Они смешались с толпой. Это была обычная уличная ссора, двое из-за чего-то поругались. Франц оглянулся, но коротенький человечек уже исчез, как сквозь землю провалился. «И долго он так будет бегать? — удивлялся про себя Франц. — Лопнуть можно со смеху. Ну, а где же та беда, из-за которой колокола звонили?» Он зашел в пивную, спросил рюмку кюммеля, просмотрел «Форвертс», «Локальанцейгер». В них тоже не было ничего особенного, — большие скачки в Англии, и в Париже, наверно кто-нибудь сорвал крупный куш на тотализаторе. Глядишь, и мне в чем повезет — как знать, может быть, это к счастью, когда в ушах звенит.

И вот Франц собрался было идти домой к Цилли. Но потом решил еще перейти на ту сторону и взглянуть, что делается там в толпе. Кричали уличные торговцы: «А вот — сардельки, горячие сардельки! Пожалуйте, молодой человек! «Монтаг морген», «Ди вельт», «Ди вельт ам монтаг!»

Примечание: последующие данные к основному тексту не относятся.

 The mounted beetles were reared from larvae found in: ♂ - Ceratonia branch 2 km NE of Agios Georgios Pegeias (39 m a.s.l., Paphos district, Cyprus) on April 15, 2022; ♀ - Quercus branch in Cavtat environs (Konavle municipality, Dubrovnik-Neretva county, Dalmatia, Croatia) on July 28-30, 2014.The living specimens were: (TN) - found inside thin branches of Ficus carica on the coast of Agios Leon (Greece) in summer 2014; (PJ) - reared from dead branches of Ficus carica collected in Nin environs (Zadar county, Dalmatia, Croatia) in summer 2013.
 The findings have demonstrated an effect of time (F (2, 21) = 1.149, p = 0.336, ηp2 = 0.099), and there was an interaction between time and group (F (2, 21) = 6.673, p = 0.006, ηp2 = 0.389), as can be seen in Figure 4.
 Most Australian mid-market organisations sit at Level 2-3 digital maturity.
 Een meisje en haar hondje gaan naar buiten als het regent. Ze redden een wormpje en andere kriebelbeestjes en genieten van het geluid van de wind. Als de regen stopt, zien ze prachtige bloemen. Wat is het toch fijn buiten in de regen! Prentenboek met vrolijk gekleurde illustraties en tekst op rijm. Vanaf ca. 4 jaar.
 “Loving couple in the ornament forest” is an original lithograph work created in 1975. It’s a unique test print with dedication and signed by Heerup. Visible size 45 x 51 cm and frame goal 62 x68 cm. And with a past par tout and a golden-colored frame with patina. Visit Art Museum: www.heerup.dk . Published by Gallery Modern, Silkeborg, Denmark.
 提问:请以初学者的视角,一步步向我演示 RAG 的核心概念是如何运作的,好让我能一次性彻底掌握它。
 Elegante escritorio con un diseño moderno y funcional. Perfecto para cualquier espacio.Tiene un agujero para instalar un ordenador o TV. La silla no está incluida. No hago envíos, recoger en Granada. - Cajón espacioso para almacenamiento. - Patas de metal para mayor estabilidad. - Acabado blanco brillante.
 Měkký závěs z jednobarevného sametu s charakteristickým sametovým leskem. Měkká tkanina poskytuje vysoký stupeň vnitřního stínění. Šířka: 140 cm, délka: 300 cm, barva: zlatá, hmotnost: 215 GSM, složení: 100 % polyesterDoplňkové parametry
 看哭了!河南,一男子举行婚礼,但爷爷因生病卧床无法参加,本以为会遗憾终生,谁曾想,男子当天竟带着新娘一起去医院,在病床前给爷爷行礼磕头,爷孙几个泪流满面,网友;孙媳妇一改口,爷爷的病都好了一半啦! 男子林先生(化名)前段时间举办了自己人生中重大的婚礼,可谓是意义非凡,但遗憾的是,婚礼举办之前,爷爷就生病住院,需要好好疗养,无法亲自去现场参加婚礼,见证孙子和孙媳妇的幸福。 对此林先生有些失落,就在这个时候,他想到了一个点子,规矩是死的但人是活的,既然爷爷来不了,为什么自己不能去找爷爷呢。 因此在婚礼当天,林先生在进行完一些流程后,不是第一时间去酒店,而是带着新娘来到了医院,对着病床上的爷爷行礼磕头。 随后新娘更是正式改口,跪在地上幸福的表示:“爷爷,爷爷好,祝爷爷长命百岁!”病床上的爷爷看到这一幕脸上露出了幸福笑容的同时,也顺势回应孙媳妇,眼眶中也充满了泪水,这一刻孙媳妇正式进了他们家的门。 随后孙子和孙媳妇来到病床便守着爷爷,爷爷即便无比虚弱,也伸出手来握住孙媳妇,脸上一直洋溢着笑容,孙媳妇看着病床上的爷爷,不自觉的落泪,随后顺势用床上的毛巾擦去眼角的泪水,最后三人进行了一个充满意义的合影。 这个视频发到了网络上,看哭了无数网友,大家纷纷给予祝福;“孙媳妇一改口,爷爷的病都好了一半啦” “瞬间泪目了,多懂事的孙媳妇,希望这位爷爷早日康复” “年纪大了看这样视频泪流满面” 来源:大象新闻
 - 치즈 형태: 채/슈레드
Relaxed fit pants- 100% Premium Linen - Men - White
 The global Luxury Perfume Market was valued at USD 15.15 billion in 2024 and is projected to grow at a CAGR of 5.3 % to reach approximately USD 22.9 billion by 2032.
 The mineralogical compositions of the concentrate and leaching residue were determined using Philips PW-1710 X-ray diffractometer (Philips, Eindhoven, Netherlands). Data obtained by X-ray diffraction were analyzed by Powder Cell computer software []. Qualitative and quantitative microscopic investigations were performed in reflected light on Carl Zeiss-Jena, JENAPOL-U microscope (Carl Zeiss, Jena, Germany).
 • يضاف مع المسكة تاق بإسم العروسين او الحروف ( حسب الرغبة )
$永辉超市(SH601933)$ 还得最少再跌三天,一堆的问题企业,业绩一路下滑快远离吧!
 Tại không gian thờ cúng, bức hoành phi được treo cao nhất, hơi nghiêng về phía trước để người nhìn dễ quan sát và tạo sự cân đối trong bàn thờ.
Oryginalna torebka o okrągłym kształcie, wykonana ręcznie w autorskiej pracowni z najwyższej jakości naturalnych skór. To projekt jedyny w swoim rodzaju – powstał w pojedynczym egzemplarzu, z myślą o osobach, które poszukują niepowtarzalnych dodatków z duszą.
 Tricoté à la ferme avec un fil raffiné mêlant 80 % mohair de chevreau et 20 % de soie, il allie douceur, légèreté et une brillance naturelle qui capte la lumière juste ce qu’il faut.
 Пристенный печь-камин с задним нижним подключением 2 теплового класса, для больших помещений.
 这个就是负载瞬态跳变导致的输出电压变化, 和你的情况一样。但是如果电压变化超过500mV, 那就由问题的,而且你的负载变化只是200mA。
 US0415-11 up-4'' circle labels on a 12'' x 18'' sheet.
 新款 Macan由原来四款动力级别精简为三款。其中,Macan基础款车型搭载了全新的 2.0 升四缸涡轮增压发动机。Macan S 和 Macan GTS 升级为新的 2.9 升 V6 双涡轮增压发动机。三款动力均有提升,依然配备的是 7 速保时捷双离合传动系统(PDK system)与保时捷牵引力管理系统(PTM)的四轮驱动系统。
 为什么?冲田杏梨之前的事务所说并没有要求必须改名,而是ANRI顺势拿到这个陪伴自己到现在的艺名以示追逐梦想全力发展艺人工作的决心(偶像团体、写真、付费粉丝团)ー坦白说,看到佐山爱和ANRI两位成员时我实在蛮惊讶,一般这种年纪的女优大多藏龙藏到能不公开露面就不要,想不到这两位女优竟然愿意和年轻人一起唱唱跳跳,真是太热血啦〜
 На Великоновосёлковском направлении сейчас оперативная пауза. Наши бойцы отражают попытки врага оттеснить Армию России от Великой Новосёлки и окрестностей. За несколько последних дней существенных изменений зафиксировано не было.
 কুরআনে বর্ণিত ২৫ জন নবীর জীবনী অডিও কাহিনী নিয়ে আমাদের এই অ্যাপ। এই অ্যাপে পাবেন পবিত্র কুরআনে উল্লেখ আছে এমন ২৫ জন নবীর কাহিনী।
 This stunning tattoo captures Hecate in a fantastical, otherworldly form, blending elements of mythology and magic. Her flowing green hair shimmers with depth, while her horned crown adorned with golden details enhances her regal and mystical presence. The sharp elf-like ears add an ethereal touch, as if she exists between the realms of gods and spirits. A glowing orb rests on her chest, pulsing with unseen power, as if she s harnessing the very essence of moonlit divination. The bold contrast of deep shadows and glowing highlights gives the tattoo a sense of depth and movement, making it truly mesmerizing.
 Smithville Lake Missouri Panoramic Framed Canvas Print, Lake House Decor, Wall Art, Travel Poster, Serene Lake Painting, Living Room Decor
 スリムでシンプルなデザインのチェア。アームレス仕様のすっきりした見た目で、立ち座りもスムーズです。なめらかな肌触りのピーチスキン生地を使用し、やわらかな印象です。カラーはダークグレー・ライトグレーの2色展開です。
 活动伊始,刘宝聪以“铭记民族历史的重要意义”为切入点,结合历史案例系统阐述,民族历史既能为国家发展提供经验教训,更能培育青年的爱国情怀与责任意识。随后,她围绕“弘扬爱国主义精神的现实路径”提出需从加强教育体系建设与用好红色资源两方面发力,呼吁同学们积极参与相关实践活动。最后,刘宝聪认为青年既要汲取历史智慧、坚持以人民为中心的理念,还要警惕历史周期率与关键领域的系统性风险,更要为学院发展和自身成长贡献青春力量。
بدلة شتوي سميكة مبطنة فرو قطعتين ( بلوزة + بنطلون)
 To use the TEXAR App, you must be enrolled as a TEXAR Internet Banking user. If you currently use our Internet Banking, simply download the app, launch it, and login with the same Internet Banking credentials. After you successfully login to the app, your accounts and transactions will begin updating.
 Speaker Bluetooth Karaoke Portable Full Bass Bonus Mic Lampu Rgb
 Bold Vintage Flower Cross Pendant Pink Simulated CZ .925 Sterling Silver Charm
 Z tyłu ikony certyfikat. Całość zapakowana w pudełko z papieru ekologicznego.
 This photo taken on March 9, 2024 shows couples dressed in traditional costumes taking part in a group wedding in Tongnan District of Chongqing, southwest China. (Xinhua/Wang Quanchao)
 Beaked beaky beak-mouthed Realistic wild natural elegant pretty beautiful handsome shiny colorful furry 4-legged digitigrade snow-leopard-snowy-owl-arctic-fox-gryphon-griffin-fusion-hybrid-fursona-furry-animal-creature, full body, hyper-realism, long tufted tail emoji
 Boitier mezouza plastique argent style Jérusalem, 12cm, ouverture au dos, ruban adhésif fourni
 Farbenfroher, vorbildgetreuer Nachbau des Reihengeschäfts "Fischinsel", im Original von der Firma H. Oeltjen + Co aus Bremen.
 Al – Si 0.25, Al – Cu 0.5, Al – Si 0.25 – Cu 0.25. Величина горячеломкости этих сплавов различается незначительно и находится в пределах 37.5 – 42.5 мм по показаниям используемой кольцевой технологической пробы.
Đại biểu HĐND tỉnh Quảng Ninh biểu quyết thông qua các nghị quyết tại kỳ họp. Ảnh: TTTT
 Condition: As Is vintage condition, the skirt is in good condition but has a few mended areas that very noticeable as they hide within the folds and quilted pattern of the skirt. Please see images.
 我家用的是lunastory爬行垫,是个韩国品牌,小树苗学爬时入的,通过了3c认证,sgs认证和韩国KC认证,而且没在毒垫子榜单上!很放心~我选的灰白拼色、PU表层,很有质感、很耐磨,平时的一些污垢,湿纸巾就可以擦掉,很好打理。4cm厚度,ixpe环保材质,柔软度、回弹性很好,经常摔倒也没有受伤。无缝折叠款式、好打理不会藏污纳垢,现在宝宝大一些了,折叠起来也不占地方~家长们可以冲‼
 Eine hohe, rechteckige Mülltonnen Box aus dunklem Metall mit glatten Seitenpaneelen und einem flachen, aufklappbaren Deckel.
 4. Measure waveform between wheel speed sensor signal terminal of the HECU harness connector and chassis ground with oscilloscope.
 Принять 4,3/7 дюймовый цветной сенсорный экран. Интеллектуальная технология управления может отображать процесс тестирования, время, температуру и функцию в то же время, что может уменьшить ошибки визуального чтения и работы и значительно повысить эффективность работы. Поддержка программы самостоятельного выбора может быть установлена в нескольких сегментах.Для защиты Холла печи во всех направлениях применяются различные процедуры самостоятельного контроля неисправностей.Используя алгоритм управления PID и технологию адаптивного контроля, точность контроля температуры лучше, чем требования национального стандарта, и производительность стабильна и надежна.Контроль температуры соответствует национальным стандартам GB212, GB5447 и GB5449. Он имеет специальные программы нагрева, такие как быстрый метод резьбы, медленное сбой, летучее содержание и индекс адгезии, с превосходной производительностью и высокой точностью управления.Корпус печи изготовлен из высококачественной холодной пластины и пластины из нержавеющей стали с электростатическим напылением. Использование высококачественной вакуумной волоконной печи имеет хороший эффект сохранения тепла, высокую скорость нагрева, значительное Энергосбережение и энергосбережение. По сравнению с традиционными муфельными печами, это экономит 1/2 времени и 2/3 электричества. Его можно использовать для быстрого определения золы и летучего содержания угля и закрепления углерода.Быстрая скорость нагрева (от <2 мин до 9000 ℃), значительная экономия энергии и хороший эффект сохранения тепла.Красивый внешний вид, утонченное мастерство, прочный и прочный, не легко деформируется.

Скажи на милость — дерутся двое уже с полчаса, а из-за чего — неизвестно! Постою посмотрю, чем дело кончится… Послушайте, вы что здесь в кино, что ли? Стал тут — ни пройти, ни проехать! Барин какой! Да разве это барин, так, сморчок. Ишь ты, ишь ты, гляди-ка, всыплет он ему сейчас…

Протискался Франц вперед, — кто же это там дерется? Смотри-ка, парни-то ведь знакомые, из пумсовских. Скажи на милость! Вот один из них, длинный, подмял было противника под себя, но тот поднатужился и шварк длинного в грязь. Эх, парень, парень, с таким заморышем и то не сладил. Слаб ты, как я погляжу!

— А ну, что за сборище, рразойдись! Лягавые! Шухер! Смывайся…

Сквозь толпу пробираются двое полицейских в плащах с капюшонами. Маленький-то сразу шмыг в толпу, только его и видели. А другой, длинный, не может сразу подняться — здорово его, видать, стукнули. Франц протолкался к нему. Не оставлять же человека в беде! Ну и народ, никто не поможет! Подхватил Франц длинного под руки, и ходу. А лягавые спрашивают, допытываются:

— Что у вас тут такое?

— Да вот подрались двое.

— Расходись, нечего останавливаться.

Ишь гавкают, лягаши — когда надо, так их нету! Завтра бы еще пришли. Расходиться? С нашим удовольствием, господин вахмистр, не извольте беспокоиться, сейчас разойдемся!

Франц втащил длинного в полутемный подъезд какого-то дома на Пренцлауерштрассе. Между прочим, двумя номерами дальше находится дом, из которого четыре часа спустя выйдет толстяк, без шляпы, тот самый, что заговорит с Цилли. А она пройдет мимо, но следующего она уж не пропустит. Скотина этот Франц, подлость какая…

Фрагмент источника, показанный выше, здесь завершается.